What I wonder: Imho the purpose of this method is to remove whitespaces which are accidentally added by the user. It's only some convenient feature.
Or is there a place where we use this where there would something break if there is a whitespace at the beginning or end?
If not, why are we making our life harder than needed? We don't need to take care of any order of multibyte, nonbreaking and regular spaces.
If the purpose is to remove accidentally added spaces, chances are very low that the user added different kinds of those spaces. Most likely he added one or more of the same type. So we can just ignore the mixed case if that makes the code simpler.

infograf768 - comment - 20 Jan 2015

@Bakual
You are right, but nevertheless we should imho make this perfect if we can.
I am working on it right now.

infograf768 - comment - 20 Jan 2015

I think I got it:

            case 'TRIM':
                $result = (string) trim($source);
                $result = trim(trim(trim($result, chr(0xC2) . chr(0xA0)), chr(0xE3) . chr(0x80) . chr(0x80)));
                $result = trim(trim(trim($result, chr(0xE3) . chr(0x80) . chr(0x80)), chr(0xC2) . chr(0xA0)));
                break;

Hackwar - comment - 20 Jan 2015

No, you did not get it. trim() is still not UTF8-safe. It will still remove any order of 0xE3 and/or 0x80 from the beginning and end of the string and no matter how often you wrap a trim() in another trim() will change that.

Regarding different spaces: Copy a text from word into a textbox and you got the situation that you might have different-style spaces.

Hackwar - comment - 20 Jan 2015

trim() simply does NOT understand UTF8. It only sees one-byte-characters, which will rip your 3-byte-UTF8-spaces appart.

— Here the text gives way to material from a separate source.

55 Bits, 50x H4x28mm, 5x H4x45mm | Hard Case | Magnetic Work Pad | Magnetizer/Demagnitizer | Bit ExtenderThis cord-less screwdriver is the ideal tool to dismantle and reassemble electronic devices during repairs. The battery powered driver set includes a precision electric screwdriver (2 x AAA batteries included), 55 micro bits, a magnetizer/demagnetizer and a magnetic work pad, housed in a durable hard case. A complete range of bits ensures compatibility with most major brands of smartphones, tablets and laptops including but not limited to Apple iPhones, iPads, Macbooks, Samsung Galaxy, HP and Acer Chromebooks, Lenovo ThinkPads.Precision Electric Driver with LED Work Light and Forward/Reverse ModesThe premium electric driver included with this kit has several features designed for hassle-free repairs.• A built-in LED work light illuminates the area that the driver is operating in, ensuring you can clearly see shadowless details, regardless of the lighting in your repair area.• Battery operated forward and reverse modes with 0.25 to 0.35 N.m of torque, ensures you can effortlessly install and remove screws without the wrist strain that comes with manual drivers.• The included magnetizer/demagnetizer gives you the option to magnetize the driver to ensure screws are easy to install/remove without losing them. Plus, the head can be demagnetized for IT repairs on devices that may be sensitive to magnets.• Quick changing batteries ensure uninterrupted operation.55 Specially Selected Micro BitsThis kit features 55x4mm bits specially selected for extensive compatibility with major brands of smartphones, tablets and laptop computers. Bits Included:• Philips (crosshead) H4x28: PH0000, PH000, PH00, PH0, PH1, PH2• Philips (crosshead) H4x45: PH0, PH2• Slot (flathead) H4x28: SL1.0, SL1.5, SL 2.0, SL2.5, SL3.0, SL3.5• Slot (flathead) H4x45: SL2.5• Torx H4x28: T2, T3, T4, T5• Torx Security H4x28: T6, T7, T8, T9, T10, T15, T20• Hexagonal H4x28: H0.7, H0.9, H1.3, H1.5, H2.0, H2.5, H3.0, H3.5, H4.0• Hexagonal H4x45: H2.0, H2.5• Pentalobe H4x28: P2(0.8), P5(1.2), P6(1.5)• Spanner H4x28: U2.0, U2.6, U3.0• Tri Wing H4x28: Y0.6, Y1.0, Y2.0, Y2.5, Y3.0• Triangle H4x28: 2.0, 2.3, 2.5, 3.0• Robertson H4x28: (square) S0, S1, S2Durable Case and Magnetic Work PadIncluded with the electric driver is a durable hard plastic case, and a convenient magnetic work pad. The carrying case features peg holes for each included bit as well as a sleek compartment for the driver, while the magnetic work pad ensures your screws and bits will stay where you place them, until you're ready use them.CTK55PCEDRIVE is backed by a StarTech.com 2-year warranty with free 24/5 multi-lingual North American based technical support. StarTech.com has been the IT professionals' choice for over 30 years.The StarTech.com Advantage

It does not see 0xE38080, but three separate characters that we want to have removed from beginning and end of a string. That is why we have a JString::trim(). However, even that JString::trim() can only make sure that you do not rip apart UTF8 chars in the target to trim. It does not support UTF8 chars in the character map.

Fedik - comment - 20 Jan 2015

@Bakual as @Hackwar already mentioned , user can copy text from somewhere and there can be more than just white space

infograf768 - comment - 20 Jan 2015

by using the group chr(0x##) . chr(0x##) (and not \0x##\0x##) we do not take off a single 0x## as far as I know. This group is considered as a unique sequence.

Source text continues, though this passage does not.